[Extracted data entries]
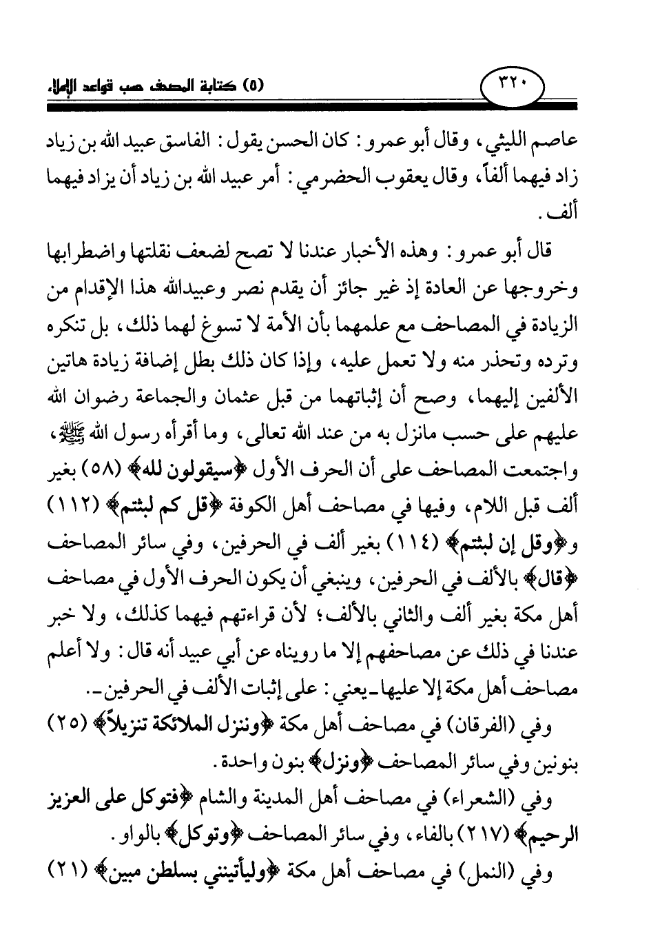 قال أبو عمرو: وهذه الأخبار عندنا لا تصح لضعف نقلتها واضطرابها وخروجها عن العادة إذ غير جائز أن يقدم نصر وعبيد الله هذا الإقدام من الزيادة في المصاحف مع علمهما بأن الأمة لا تسوغ لهما ذلك، بل تنكره وترده وتحذر منه ولا تعمل عليه، وإذا كان ذلك بطل إضافة زيادة هاتين الألفين إليهما، وصح أن إثباتهما من قبل عثمان والجماعة رضوان الله عليهم على حسب ما نزل به من عند الله تعالى، وما أقرأه رسول الله صلى الله عليه وسلم، واجتمعت المصاحف على أن الحرف الأول (سيقولون لله) (58) بغير ألف قبل اللام، وفيها في مصاحف أهل الكوفة (قل كم لبثتم) (112) و (قل إن لبثتم) (114) بغير ألف في الحرفين، وفي سائر المصاحف (قال) بالألف في الحرفين، وينبغي أن يكون الحرف الأول في مصاحف أهل مكة بغير ألف والثاني بالألف؛ لأن قراءتهم فيهما كذلك، ولا خبر عندنا في ذلك عن مصاحفهم إلا ما رويناه عن أبي عبيد أنه قال: ولا أعلم مصاحف أهل مكة إلا عليها - يعني: على إثبات الألف في الحرفين -.
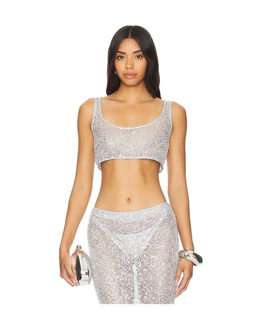 NBD Shanti Top in Metallic Silver. Size L. Also in M, XL. NBD Shanti Top in Metallic Silver. Size M, XL. 100% polyester. Made in China. Dry clean only. Sequin embellished knit fabric. Item not sold as a set. NBDR-WS970. NBS1019 U24. For the girl who's the life of the party. For the girl who's always up for a glass of champagne. For the girl who likes to keep her closet as filled with as her social calendar, there's NBD. The young-at-heart line features dresses that every it girl covets and pieces that are sexy, flirty, fun and now.
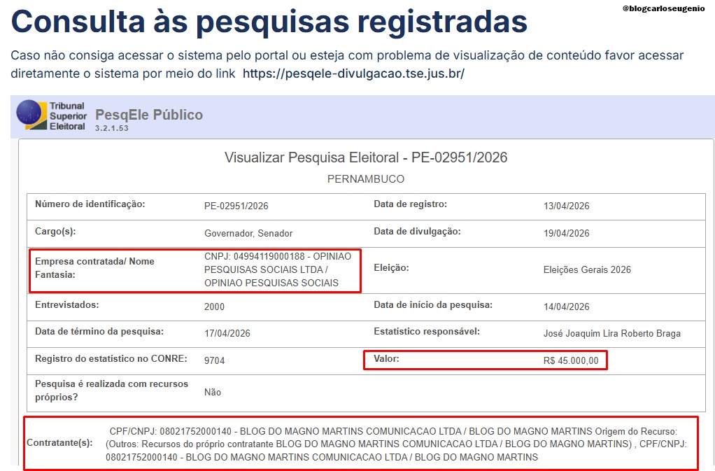 Na espontânea, o estudo contratado pelo Blog por R$ 45 mil reais, aponta João com 29,5% e Raquel com 27,1% das intenções de voto. Brancos e nulos somam 4,5% e indecisos sobem para 38,1%. A pesquisa foi registrada na justiça eleitoral com o protocolo de número PE-02951/2026.
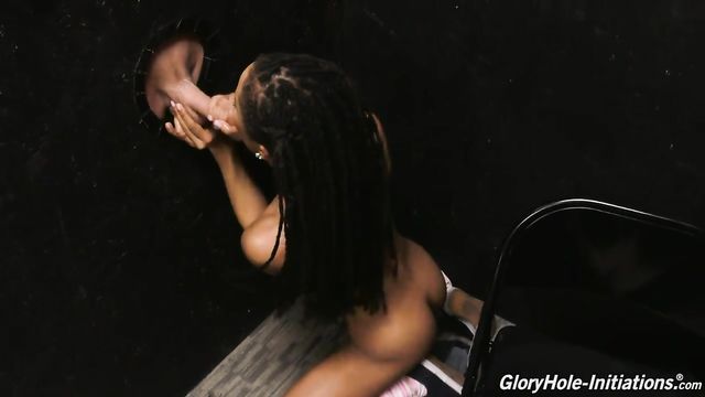 Skinny ebony hottie Kira Noir sucks a white dick in the gloryhole
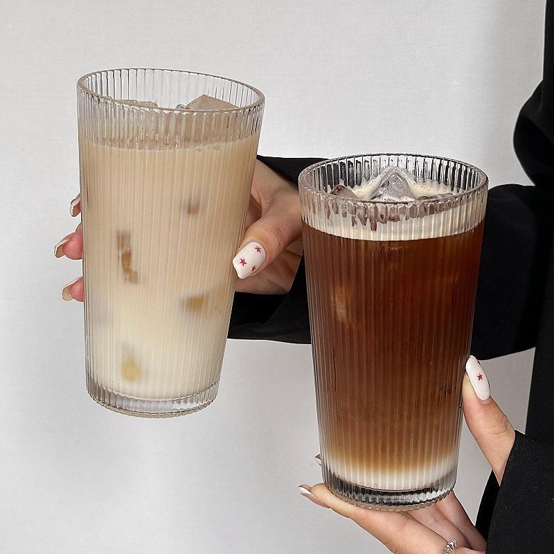 240ml/380ml Creative Cocktail Glass Vertical Pattern Glass Cup Juice Cup Latte Coffee Mug Home Water Cup with Lid Soda Water Cup
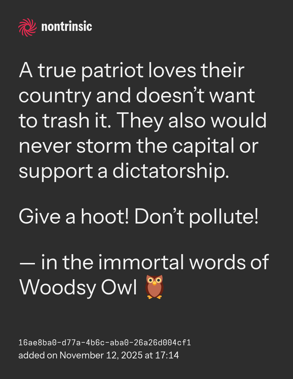 — in the immortal words of Woodsy Owl 🦉
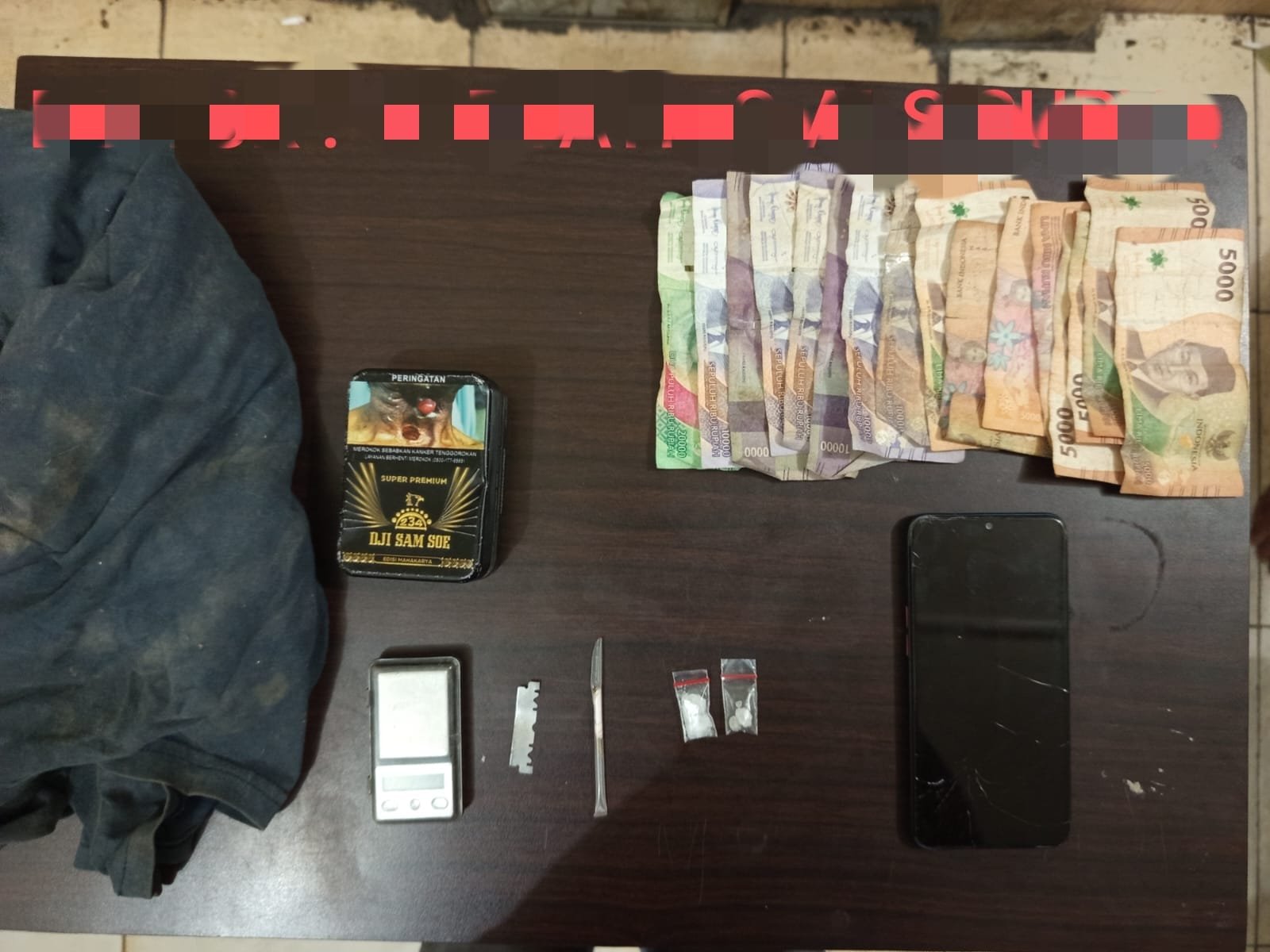 Dari hasil penggeledahan di sekitar lokasi, petugas menemukan 2 plastik klip bening berisi sabu dengan berat brutto 0,96 gram yang berada di dekat batang pohon sawit, tidak jauh dari posisi tersangka. Selain itu, turut diamankan satu unit timbangan, kotak rokok kaleng, pisau silet, sekop, satu unit handphone, pakaian, serta uang tunai sebesar Rp130.000.
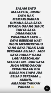 Dia pada masa sama turut mendoakan kebahagiaan bekas pasangannya itu walau dengan siapa sahaja wanita tersebut bersama pada masa akan datang. “Saya harap tiada lagi persoalan selepas ini dan saya juga mendoakan kebahagiaan dia bersama siapa jua beliau bersama. Amiin,” katanya lagi. Perkongsian itu turut disertakan dengan tanda pagar #MAMAK takkan padam, namun DJ Kidd tidak mengulas lanjut mengenai punca perpisahan tersebut.
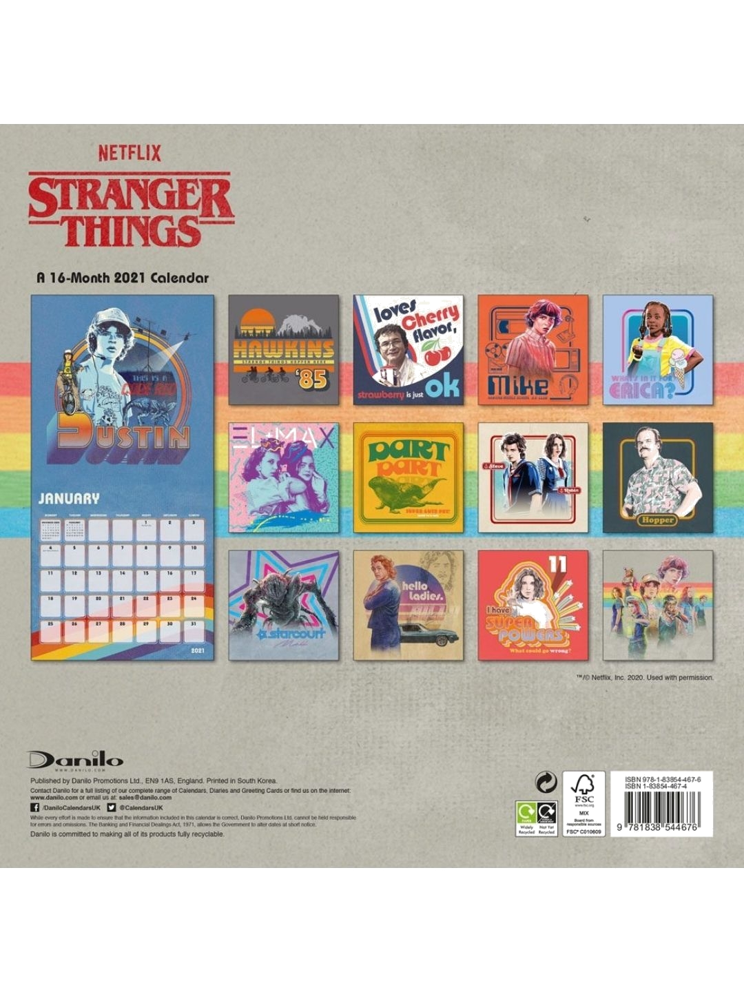 This iconic Calendar 2021 is inspired from the series Stranger Things! - Officially licensed 16-month wall calender features fantastic designs. - Size: 30 x 30 cm - Imported
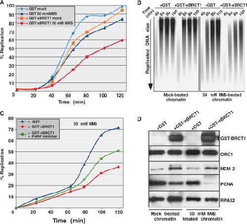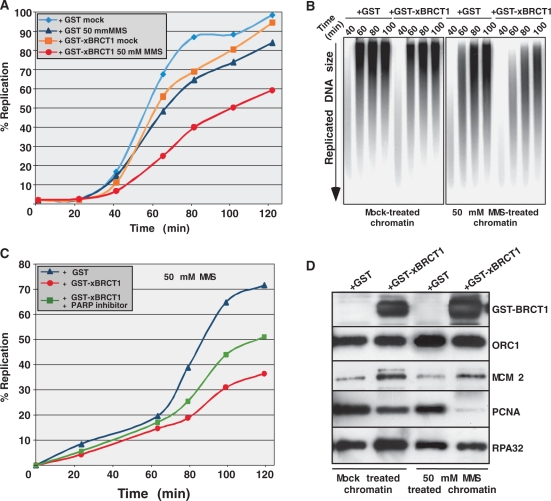 Figure 6. xXRCC1-BRCT1 inhibits the initiation of DNA synthesis in Xenopus egg extracts. (A) Kinetics of replication of either mock- or MMS-treated sperm chromatin after the addition of either purified GST or GST-xXRCC1-BRCT1 to egg extracts. (B) Size of replication products synthesized in (A) at different times as determined by alkaline gel electrophoresis and autoradiography. (C) Replication reactions were performed as in (A) in the presence of MMS or MMS and PARP inhibitor Ku-0058948 (green curve). (D) Western blot of chromatin-associated proteins after 60 min incubation in Xenopus extracts treated or not with MMS, in the presence of either GST or GST-xBRCT1.
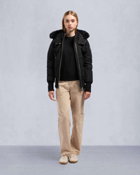The Original Debbie Bomber is a Moose Knuckles classic that boasts our highest protection rating in a compact, city-driven silhouette. It's engineered with a durable water-repellent shell, 4-ply "down-proof" construction to minimize down loss, and an enduringly warm 80/20 down fill. Our gleaming metal logo at the sleeve completes the piece. SIZE & FIT - Regular Fit: Regular is an understated silhouette, cut with room for movement throughout the chest and arms. It offers added agility without sacrificing structure and it comfortably accommodates midweight layers. - Model is wearing size S. Model is 5'9" (176cm) - 26.5" (67cm) Back Length. Measurement is done based on a Small. WARMTH & PROTECTION - Protection Rating - Level 4: Canada Cold – Tailored and engineered specifically to endure the extreme cold of Canada - the True North. - 650 Fill Power - Toscana Shearling on Trim - Engineered in Canada, RDS Sustainable, Water Repellent, Water Resistant, Wind resistant DESIGN & FUNCTION - 2-Way Adjustable Hood with Attached Shearling Trim - 2-Way Zipper with Axe Puller - 2 Chest Pockets and 2 Pockets below Waist - Side Seam Vents with Zipper Closure - Metal Logo CARE & MATERIALS Remove Detachable Trims Before Cleaning The Garment. Dry Clean Inside Out - Mild Process. Ironing Maximum Temperature 110°C - Without Steam. FILL 80% Duck Down, 20% Feathers COMPOSITION - Body: 74% Cotton, 26% Nylon - Cotton - Lining: 100% Nylon COUNTRY OF ORIGIN Made in Vietnam
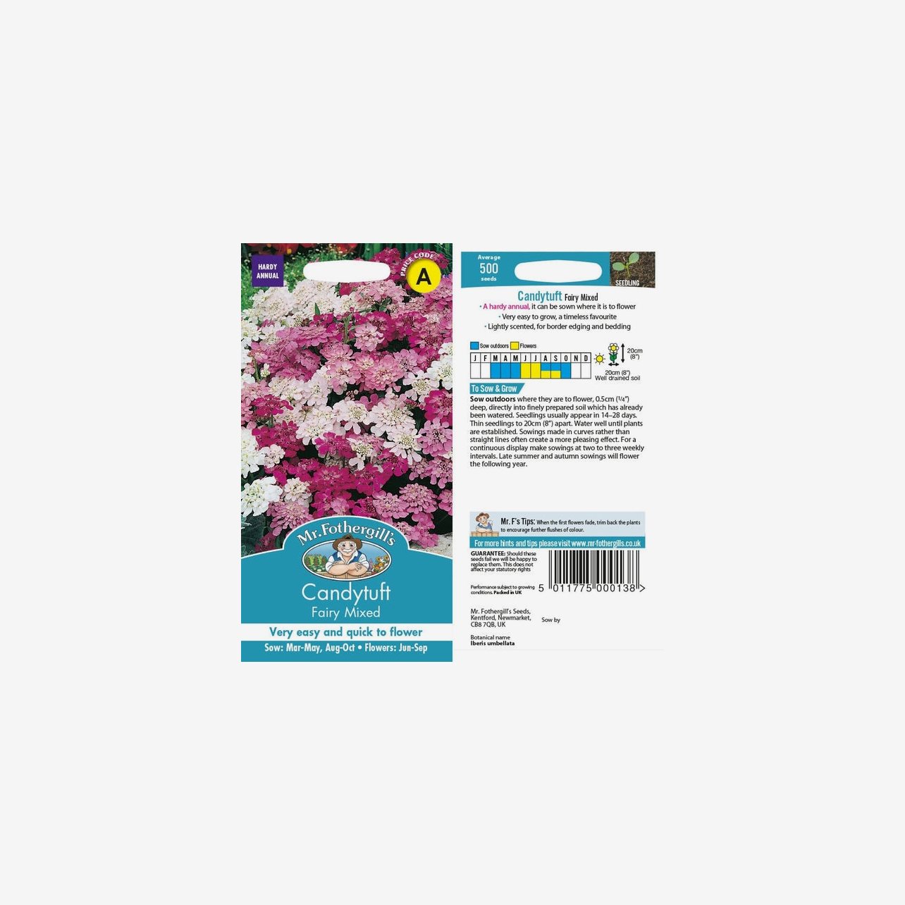 Fröpåsen innehåller cirka 500 fröer. Det latinska namnet är Iberis umbellata och plantorna blir cirka 20–25 cm höga.
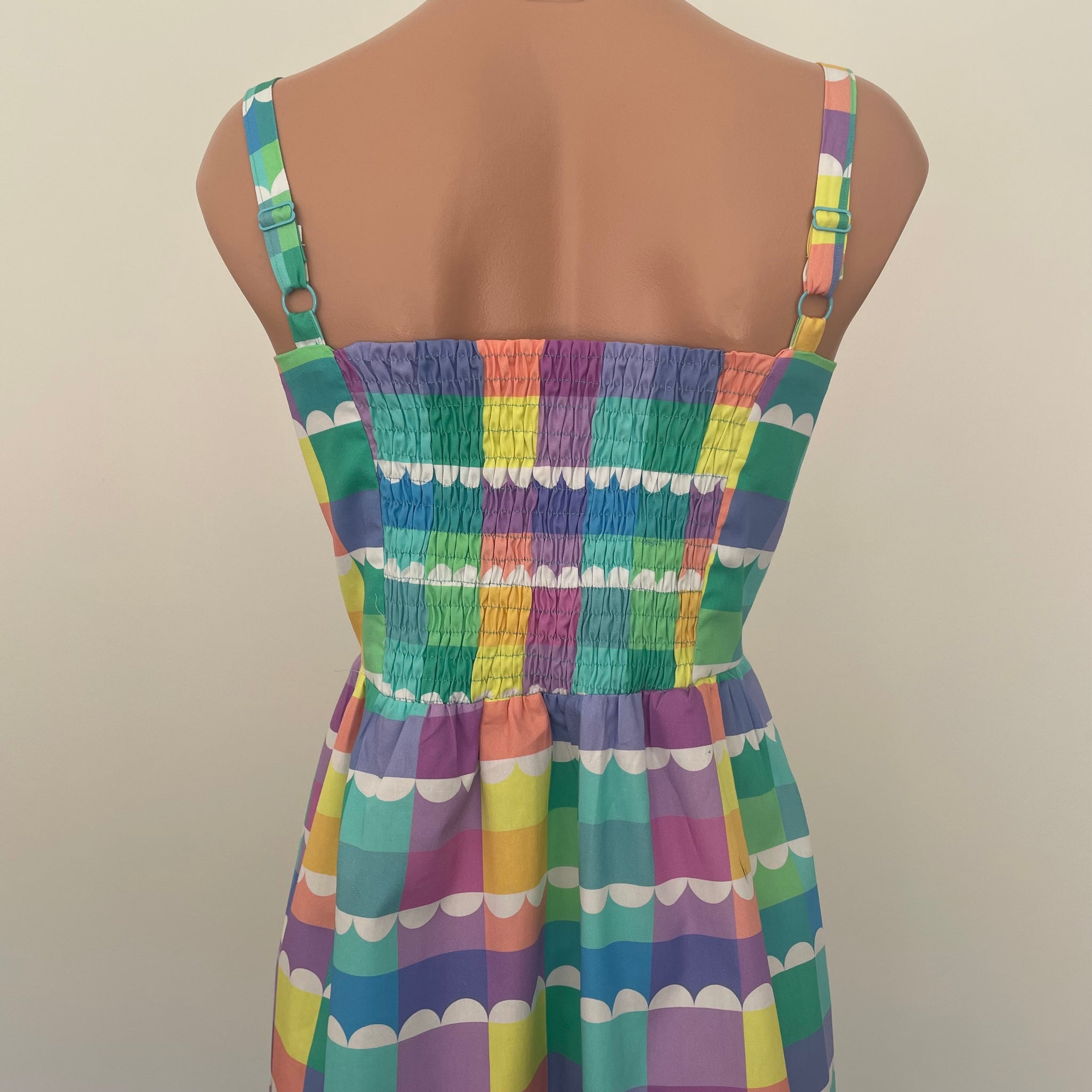 Button up Sun dress with lined bodice, front pockets and adjustable straps and shirring at the back.
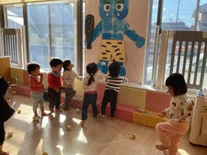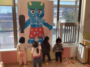 豆に見立てたボールを「えい!」っと鬼に投げみんなでやっつけました
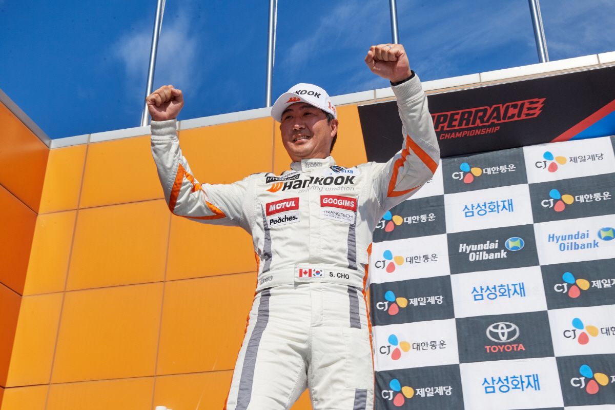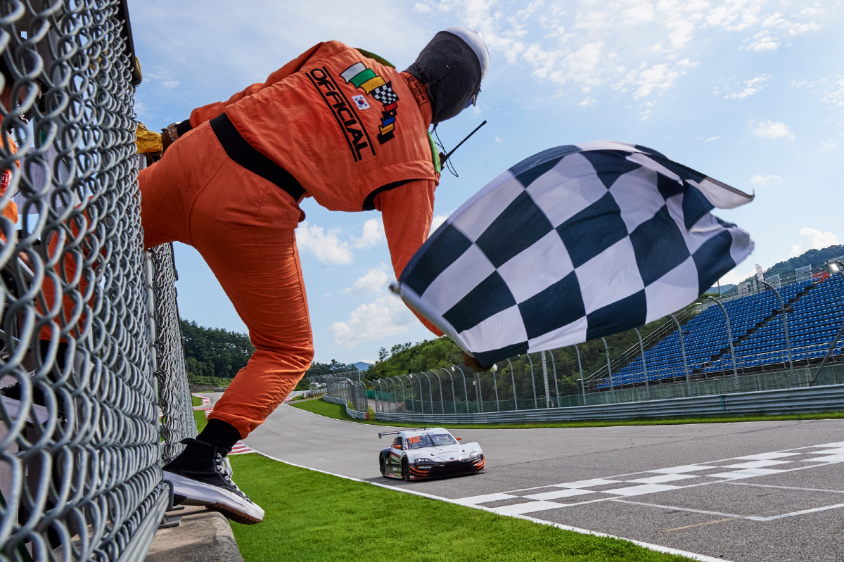 슈퍼레이스 5라운드 삼성화재 6000 클래스 결선에서 가장 먼저 체커기를 받고 있는 조항우. 사진제공=슈퍼레이스

• **Work to complete**
Give exactly the lines above that run from the line with "Na espontânea, o" to the line with "Figure 6. xXRCC1-BRCT1", both included, leaving every picture out.

• **Exercise solution**
 Na espontânea, o estudo contratado pelo Blog por R$ 45 mil reais, aponta João com 29,5% e Raquel com 27,1% das intenções de voto. Brancos e nulos somam 4,5% e indecisos sobem para 38,1%. A pesquisa foi registrada na justiça eleitoral com o protocolo de número PE-02951/2026.
 Skinny ebony hottie Kira Noir sucks a white dick in the gloryhole
 240ml/380ml Creative Cocktail Glass Vertical Pattern Glass Cup Juice Cup Latte Coffee Mug Home Water Cup with Lid Soda Water Cup
 — in the immortal words of Woodsy Owl 🦉
 Dari hasil penggeledahan di sekitar lokasi, petugas menemukan 2 plastik klip bening berisi sabu dengan berat brutto 0,96 gram yang berada di dekat batang pohon sawit, tidak jauh dari posisi tersangka. Selain itu, turut diamankan satu unit timbangan, kotak rokok kaleng, pisau silet, sekop, satu unit handphone, pakaian, serta uang tunai sebesar Rp130.000.
 Dia pada masa sama turut mendoakan kebahagiaan bekas pasangannya itu walau dengan siapa sahaja wanita tersebut bersama pada masa akan datang. “Saya harap tiada lagi persoalan selepas ini dan saya juga mendoakan kebahagiaan dia bersama siapa jua beliau bersama. Amiin,” katanya lagi. Perkongsian itu turut disertakan dengan tanda pagar #MAMAK takkan padam, namun DJ Kidd tidak mengulas lanjut mengenai punca perpisahan tersebut.
 This iconic Calendar 2021 is inspired from the series Stranger Things! - Officially licensed 16-month wall calender features fantastic designs. - Size: 30 x 30 cm - Imported
 Figure 6. xXRCC1-BRCT1 inhibits the initiation of DNA synthesis in Xenopus egg extracts. (A) Kinetics of replication of either mock- or MMS-treated sperm chromatin after the addition of either purified GST or GST-xXRCC1-BRCT1 to egg extracts. (B) Size of replication products synthesized in (A) at different times as determined by alkaline gel electrophoresis and autoradiography. (C) Replication reactions were performed as in (A) in the presence of MMS or MMS and PARP inhibitor Ku-0058948 (green curve). (D) Western blot of chromatin-associated proteins after 60 min incubation in Xenopus extracts treated or not with MMS, in the presence of either GST or GST-xBRCT1.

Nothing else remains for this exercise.